- _Records to use_:
**********
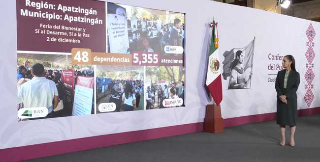 La secretaria de Gobernación, Rosa Isela Rodríguez Velázquez, informó que, durante diciembre se realizarán 13 Ferias del Bienestar, una en cada región de la entidad, de las que, del 9 de noviembre al 9 de diciembre, se han llevado a cabo siete otorgando un total de 74 mil 236 atenciones. Además, se implementarán cuatro jornadas de Sí al Desarme, Sí a la Paz, así como un Tianguis del Bienestar en las que participarán 53 dependencias del Gobierno de México, del gobierno del estado y autoridades municipales.
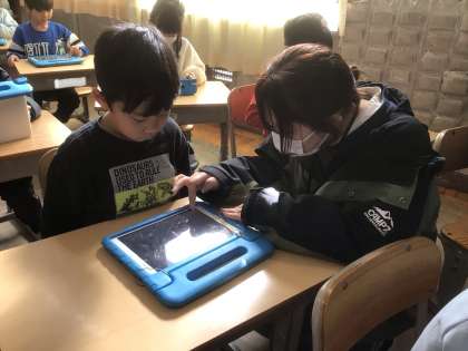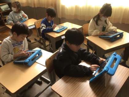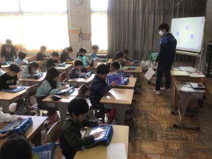 ICT支援員さんをお招きして、「プログラムを考えて、プログラミングを体験しよう」という学習を行いました。「プログラミング」という言葉を聞いて、子どもたちは「コンピュータのことかな」「自分でゲームを作ることかな」などと想像を膨らませていました。「プログラミング」とは「プログラム(命令)を組み合わせて与えること」であると知り、良い姿勢になるためのプログラミングや、朝起きてから学校に行くまでのプログラミングについて考え、コンピュータを使わなくても身近な生活に関わっていることを理解しました。今日は、ビスケットというアプリを使って、描いた絵を動かす体験をしました。試行錯誤しながら、工夫を凝らして楽しく活動していました。
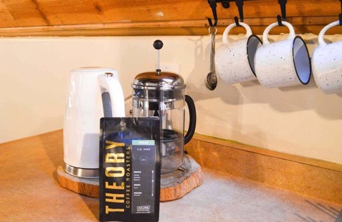 We also provide cooking spices and a coffee & tea station with all the works: Think a coffee pot, French press, coffee grinder, electric kettle, creamer, sugar, tea bags, and coffee beans from the local Northbound Coffee Roasters.
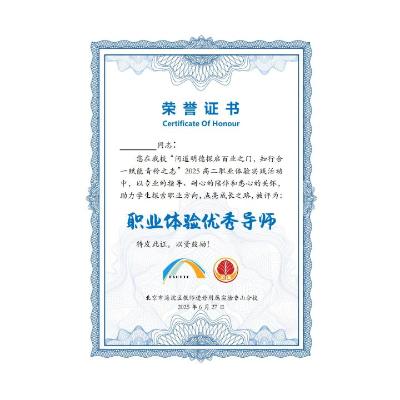 包装清单: | 职业体验活动总结会导师证书 竖版加厚A4 *1 |
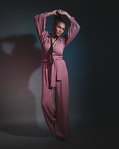 The Olmoti long sleeve printed jumpsuit is designed for ease, movement, and modern life. Cut with generous sleeves single button cuffs, a relaxed collar, an easy, fluid leg, and a self-fabric belt to shape the waist.
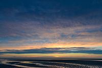 Kleurrijke zonsondergang op het strand van Schiermonnikoog in het Nederlandse waddengebied in het noorden van Nederland.
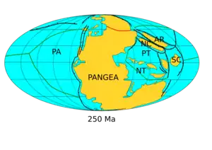 ![]() Paleogeography of the Earth at the Permian–Triassic boundary, around 250 Ma. Siberia has fused with Pangaea to complete the assembly of the supercontinent. |
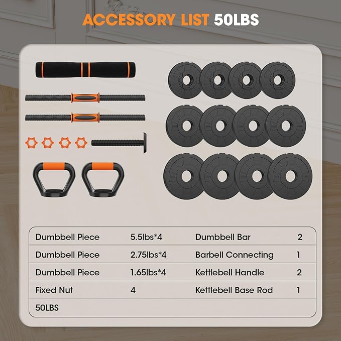 - 【4 in 1 Multifunctional Dumbbell Set】With the adjustable dumbbell set, it can boost your home workout level. Easily transform it into dumbbells, barbells, kettlebells, and push-up bars, switch exercise modes as you like. A 4-in-1 dumbbell set can meet your home gym needs and enjoy multi-faceted fitness
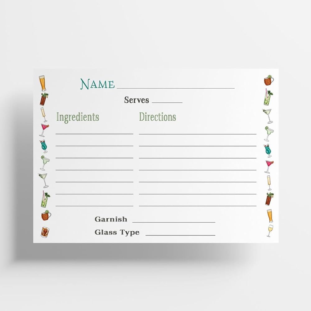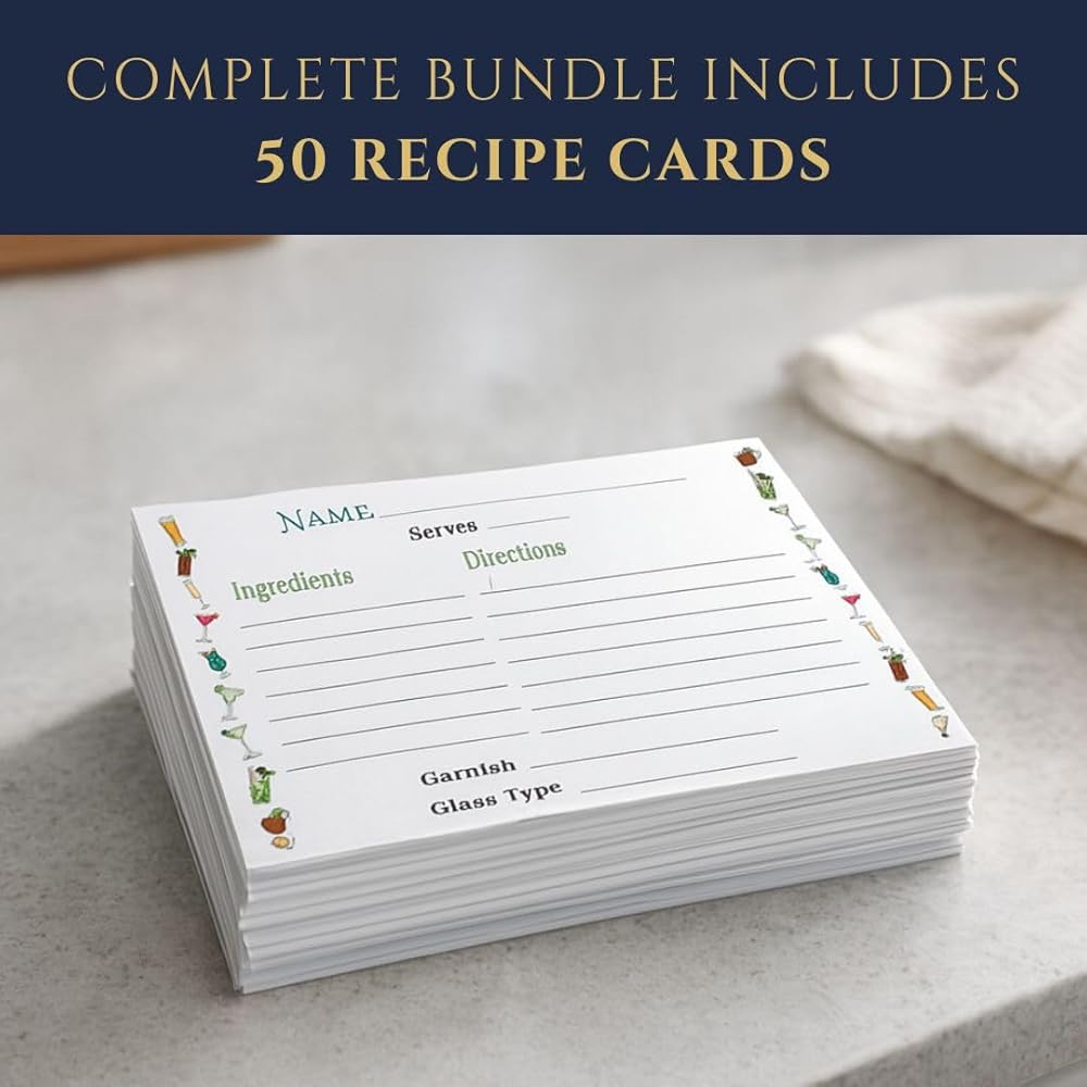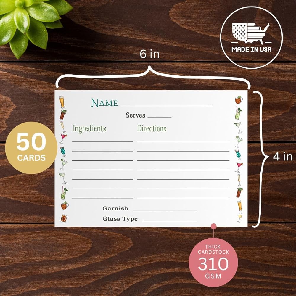 بطاقات وصفات الكوكتيل - 50 وحدة - 4 × 6 بوصات بطاقات ملء فارغة مع حدود مائية أنيقة - مخزون بطاقات ممتاز غير مطلي، يناسب صناديق الوصفات القياسية - صُنعت في الولايات المتحدة الأمريكية بواسطة شركة تديرها عائلة
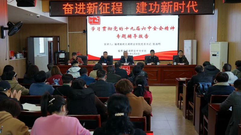 3月8日,省教育系統(tǒng)“百人宣講團(tuán)”成員、學(xué)院黨委書記張海明赴福建省閩清職業(yè)中專學(xué)校宣講黨的十九屆六中全會(huì)精神,與閩清職專教師共話黨的百年重大成就和歷史經(jīng)驗(yàn),展望職業(yè)教育發(fā)展美好前景。
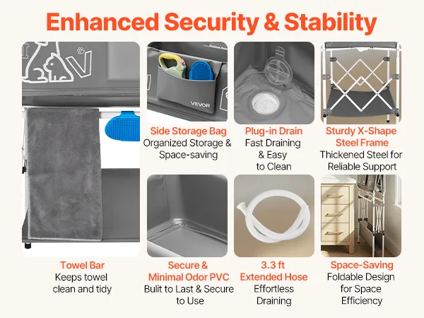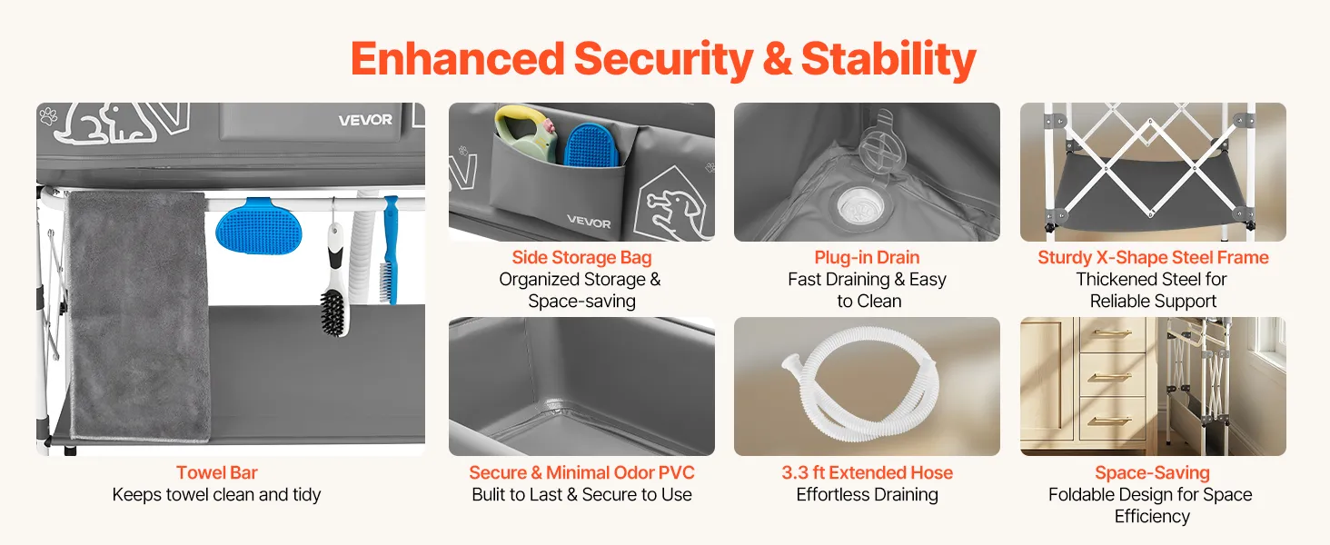 Stable & Secure Support: This dog bath tub features a reinforced X-frame steel stand, adjustable security strap, and thick support tubes with non-slip pads. Together, they help reduce slipping, shaking, and sudden movement during bath time
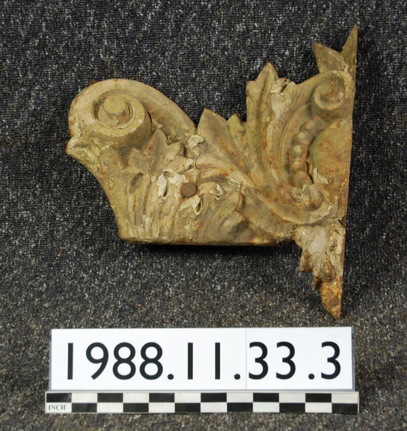 Approximately one half of shield-shaped ornament with acanthus leaf motif and volute. Trimmed to fit at original installation at capital adjacent to pilaster.
**********
- _Directions_: A verbatim reproduction is expected: starting at the line above that has "包装清单: | 职业体验活动总结会导师证书 竖版加厚A4 *1 |", ending at the line that has "the supercontinent. |", both included, and with no pictures and no other lines.

- _Output of the exercise_:
 包装清单: | 职业体验活动总结会导师证书 竖版加厚A4 *1 |
 The Olmoti long sleeve printed jumpsuit is designed for ease, movement, and modern life. Cut with generous sleeves single button cuffs, a relaxed collar, an easy, fluid leg, and a self-fabric belt to shape the waist.
 Kleurrijke zonsondergang op het strand van Schiermonnikoog in het Nederlandse waddengebied in het noorden van Nederland.
 ![]() Paleogeography of the Earth at the Permian–Triassic boundary, around 250 Ma. Siberia has fused with Pangaea to complete the assembly of the supercontinent. |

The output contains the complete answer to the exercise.